When I go through examples of calculating the intersection of two planes, there seems to be a convention of choosing an arbitrary point in order to solve the linear equations in question and get a particular point on the intersection line.
Let's take an example from a previously-asked question, where the given equations were:
$x + 2y + z – 1 = 0$
$2x + 3y – 2z + 2 = 0$
And the relevant part in the second-most voted answer goes as follows:
Next, we need to find a particular point on the line. We can try $y=0$
and solve the resulting system of linear
equations:$$\begin{align}x+z-1&=&0\\2x-2z+2&=&0\end{align}$$ giving
$x=0, z=1$
My question:
How does one know what is the correct point to choose, and how does one validates that the chosen point is correct?

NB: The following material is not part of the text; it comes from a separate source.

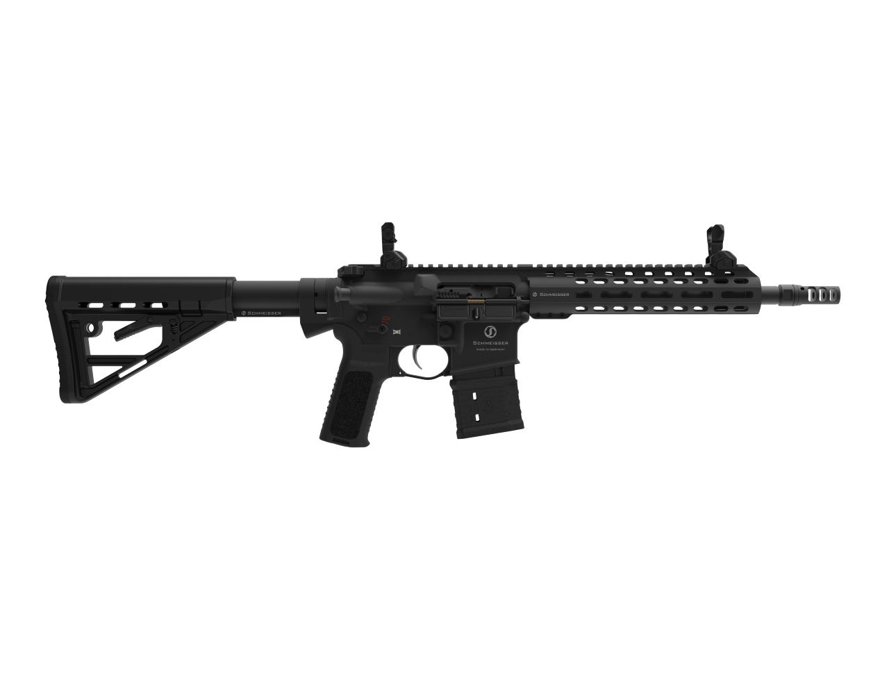 Slim Line M-LOK Vorderschaft, Schubschaft, skelettierter Verschlussträger, Premium Pencil-Matchlauf, NOREC Kompensator, Dynamic Drop-In Trigger, 45/90° Sicherung, voll beidseitig bedienbar, einstellbare Gasabnahme.

Also, if the chosen point is wrong, how does one successfully guess the next point?
I've found another answer that seems to be very relevant, but I can't explain it:
Sometimes the line of intersection happens to be parallel to the z=0
plane. In that case you could try y=0 or x=0. (One of these is sure to
work.)
I'm a beginner, so that's a fundamental thing, probably trivial, I don't get: Why is that true?
Best Answer
There is not "the" correct point. The goal is to find any specific point on the line.
The solver has chosen to set $y=0$ because that results in two equations in two unknowns ($x$ and $z$), which is an easy system to solve.
You could just as easily have picked any other value for any of the variables, but the numbers might have been not as easy to work with (that variable would become a constant, and you would have to move it to the other side in each equation, etc.)--so it's easier if you just make a variable vanish by setting it equal to zero.
The reason specifying a particular value (like $0$) for one of the variables usually works is that the "typical" line is not parallel to any of the axes, so it will contain points with any given value (the one you specify) for any one of the coordinates. But if you are unlucky and the line line is parallel to one of the axes, then there may be no point on the line with that particular coordinate value. In that case, you would find that the resulting system of 2 equations in 2 unknowns has no solution; then you would just do it over, picking a specific value for one of the other variables instead.